14th Cavalry Battalion, formerly Woodfin's Battalion, was organized
at Asheville, North Carolina, during the summer of 1862 with three companies; later increased to six. The men were from Buncombe,
Haywood, Transylvania, and Madison counties. It was assigned to North Carolina and southern Virginia. In the spring of
1865 four additional companies from Buncombe, Henderson, and Transylvania counties joined the command and it was officially
designated the 69th North Carolina Regiment-7th Cavalry, Lt. Colonel James L. Henry, commanding. There are only two references
to the Sixty-ninth North Carolina Regiment in the Official Records of the Union and Confederate Armies; both references
are to Lt. Colonel Henry and the cavalry regiment (O.R., i, 49, i, 1034 and O.R., i, 49, i, 1035). The other references to Henry's Cavalry are the Sixty-ninth
North Carolina and Sixty-ninth North Carolina State Troops. The regiment fought at Salisbury on
April 12 and disbanded near Morgantown on April 17. Lt. Colonel James L. Henry and Major Charles M. Roberts were in command.
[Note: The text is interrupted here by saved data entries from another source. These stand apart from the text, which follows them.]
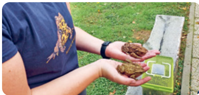
V oktobru so nas obiskali tudi učenci z OŠ Brinje in spoznavali značilnosti kraškega sveta Radenskega polja ter se поблиže spoznavali s čudovitim svetom dvoživk.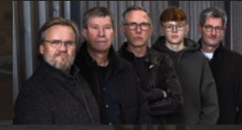
ToMess · 18.30 Uhr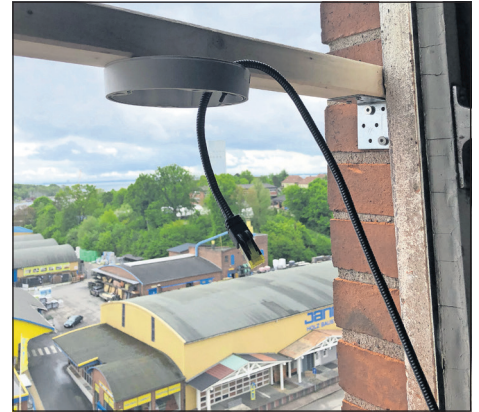
Die Kameras sind in schwindelerregender Höhe am Petersen-Speicher angebracht.

Sources: Official Records of the Union and Confederate Armies; Walter Clark,
Histories of the Several Regiments and Battalions from North Carolina in the Great War 1861-1865; National Park Service: American
Civil War; National Park Service: Soldiers and Sailors System; Weymouth T. Jordan and Louis H. Manarin, North Carolina Troops,
1861-1865; and D. H. Hill, Confederate Military History Of North Carolina: North Carolina In The Civil War, 1861-1865.